Stating the obvious, it will not generally be possible to determine disputed issues of fact on a summary judgment application.[19] That caveat does not feature prominently in our assessment. There is no dispute that the loan was made independently of funding provided by Ms Yang and Mr Gao for the development and that, as Mr Jia himself says in one of his affidavits, “[Mr Gao] did [him] a big favour so that I could repay the Personal Loan.”
Scope of the appeal
[19]Pemberton v Chappell [1987] 1 NZLR 1 (CA) at 4.
Counsel’s suggestion that arrangements for transfer of the property and the associated loan were only necessary because Ms Yang and Mr Gao opposed any attempt by Mr Jia to withdraw funds from the development to repay his debt does not, in our view, elevate the personal loan to a restructure of the joint venture property development obligations. The reality was that, absent consent, Mr Jia could never have withdrawn money from the development without being in potential breach of his statutory duties. He had a personal debt that needed to be repaid and he was the beneficiary of the respondents’ generosity in providing an unsecured and interest free (absent default) facility with which to do so. Mr Jia acknowledges that it was not a gift. The sole issue is whether, as a matter of construction or implication, the loan was repayable on liquidation of the development at which point a dividend (at least within the terms contemplated in ss 52 and 53 of the Act) was no longer possible. We agree with the Judge that the answer to this question does not turn on any disputed issue of fact.
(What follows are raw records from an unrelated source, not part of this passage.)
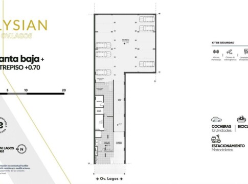Cocheras disponibles por montacoche en subsuelo y planta baja. Bicicleteros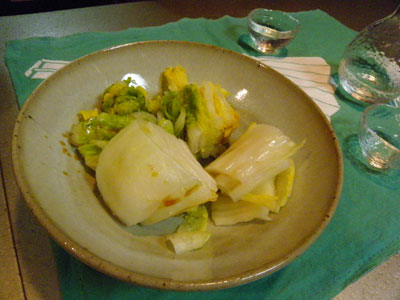 まず、大根と白菜を手に持ちます。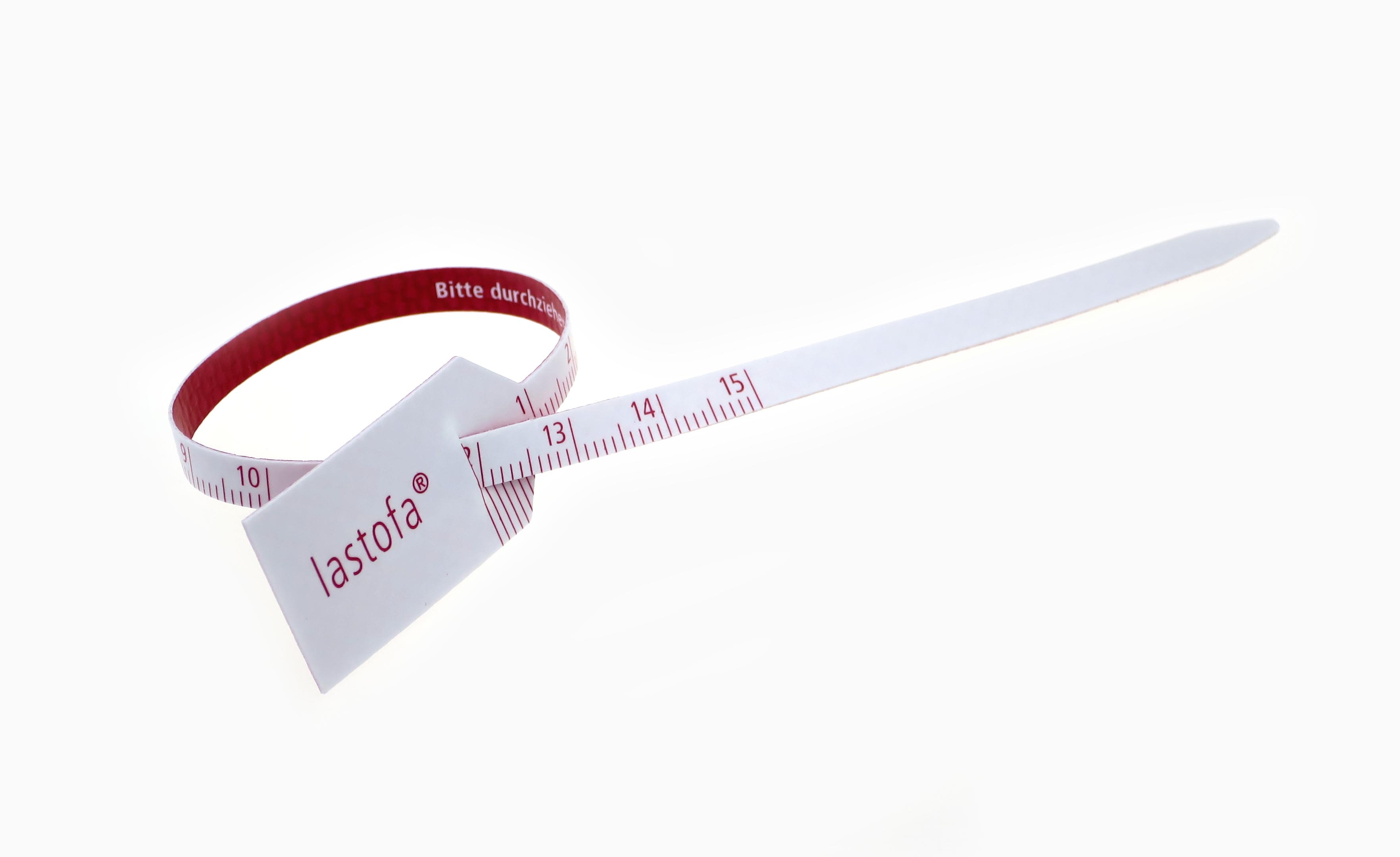Spezielles Maßband um die Fingerdicke zu definieren.

The relevant law on construction and implication
In respect of the construction of cl 20 we adopt the standard objective approach of ascertaining:[20]
… the meaning which the document would convey to a reasonable person having all the background knowledge which would reasonably have been available to the parties in the situation in which they were at the time of the contract.
[20]Investors Compensation Scheme Ltd v West Bromwich Building Society [1998] 1 WLR 896 (HL) at 912, as quoted in Bathurst Resources Ltd v L&M Coal Holdings Ltd [2021] NZSC 85, [2021] 1 NZLR 696 at [41].
What the clause conveys to a reasonable person will most obviously be derived from the language used which remains the primary window to contractual intentions.[21]
[21]Arnold v Britton [2015] UKSC 36, [2015] AC 1619 at [17]; Firm PI 1 Ltd v Zurich Australian Insurance Ltd [2014] NZSC 147, [2015] 1 NZLR 432 at [60]; and Bathurst Resources Ltd v L&M Coal Holdings Ltd, above n 20, at [46].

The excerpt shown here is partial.